自分のアイデアや考えには、どうしても愛着が湧いてしまいます。だからこそ、それを否定されると、まるで自分自身を否定されたように感じてしまうのかもしれません。
完璧主義が固執を強くする
「間違えてはいけない」という思いが強い人ほど、自分の考えに固執しやすい傾向があります。

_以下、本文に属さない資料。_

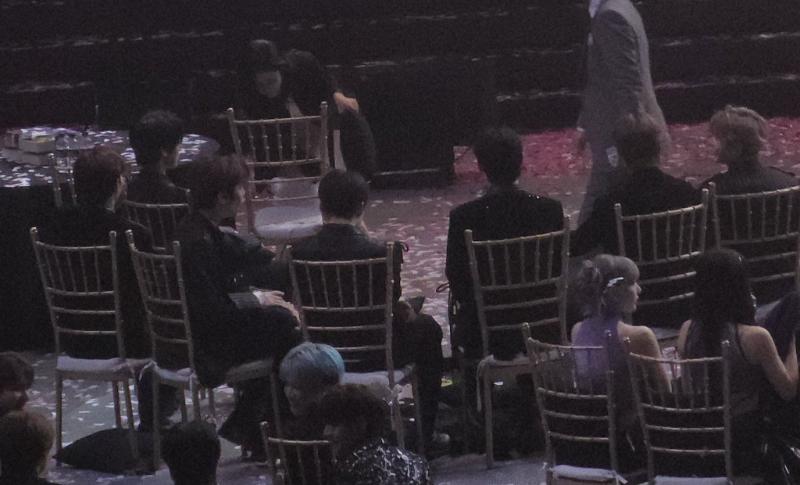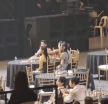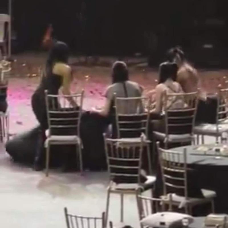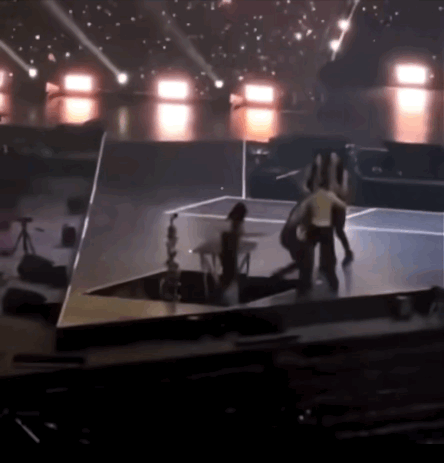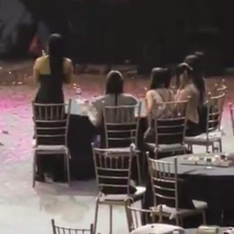 桌子怎麼回事呢?看起來就是AAA祖傳的造型沒錯啊,尤其那個“婚禮凳”,簡直不要太熟悉!BUT,今年的桌子質量真的…太危險了!你看,The Boyz成員輕輕一壓,桌子就快翻桌了👇
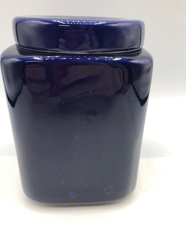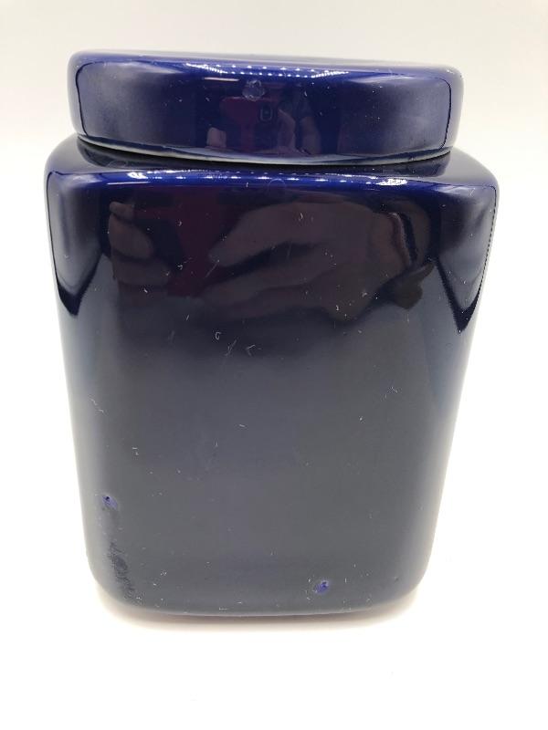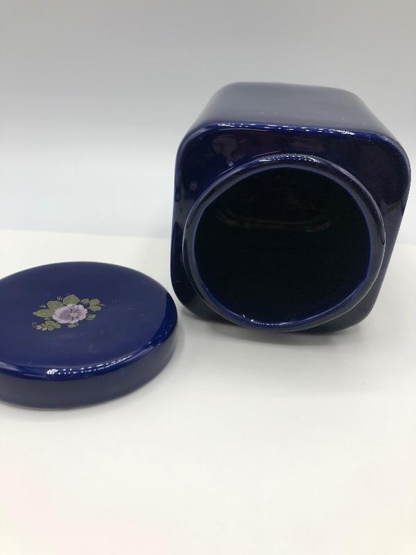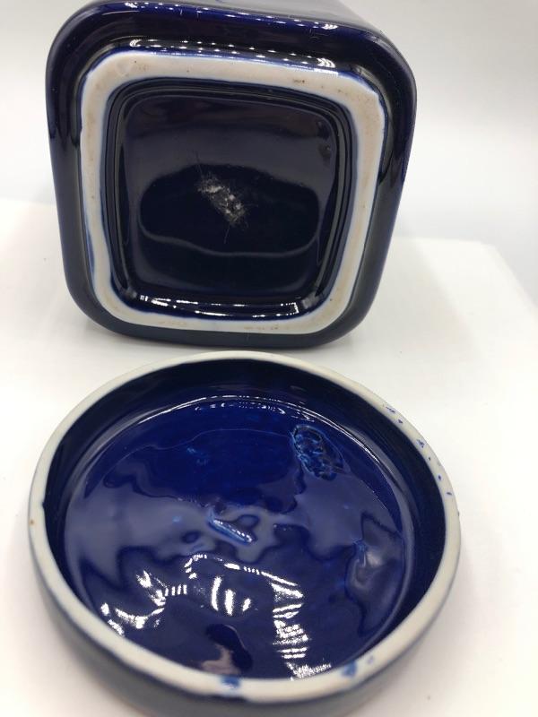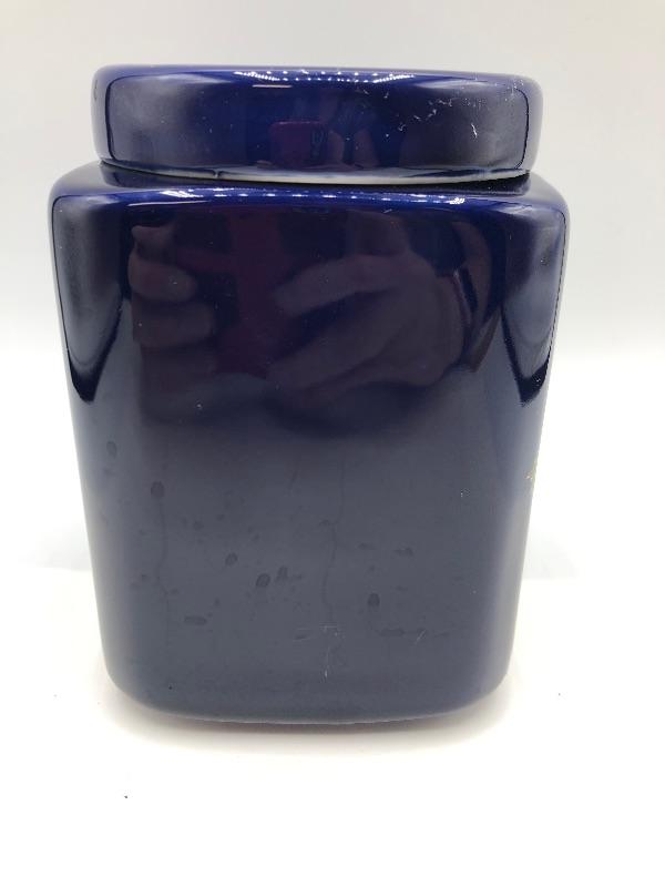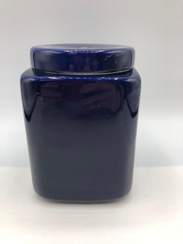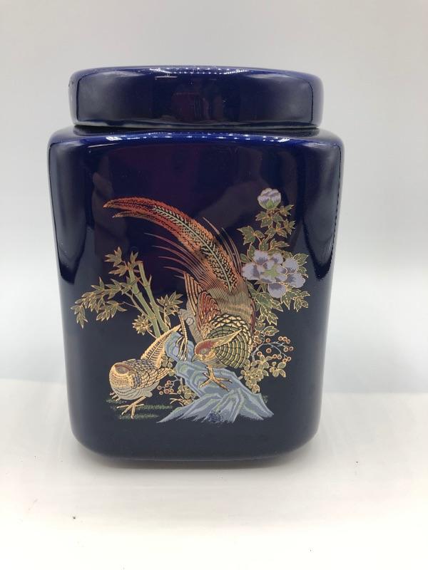 Small Asain inspired ceramic jar. Lidded. Dark blue with a painted scene on one side. Depicts two pheasants, with flowers and bamboo. Gold outlines and details. Good Condition. Some pit marks in the glaze. No chips.

完璧主義の根底には、こんな思い込みが隠れていることがあります。
- 間違えた=自分の価値が下がる
- 正解でなければ意味がない
- 一度決めたことを変えるのは弱さだ
でも、本当にそうでしょうか。
間違えることと、自分の価値が下がることは、まったく別の話だと思います。
確証バイアスの仕組みについては、こちらの記事で詳しく解説しています。
→ 思い込みを外す方法|「自分はダメだ」から抜け出す確証バイアスの克服法
「知的謙虚さ」とは何か?
余白を残す力
「知的謙虚さ」とは、「自分の考えは間違っているかもしれない」と、余白を残しておける力のことです。
これは、自信がないこととは違います。
自分の考えを持ちつつも、「もしかしたら違うかも」と柔軟でいられること。
新しい情報が入ってきたときに、考えをアップデートできること。
竹内薫さんは著書でこう書いています。
われわれの常識が仮説にすぎない、と自覚している人はあまりいません。いちいち、目のまえで起きる事件や現象を疑っていたのでは疲れてしまうからです。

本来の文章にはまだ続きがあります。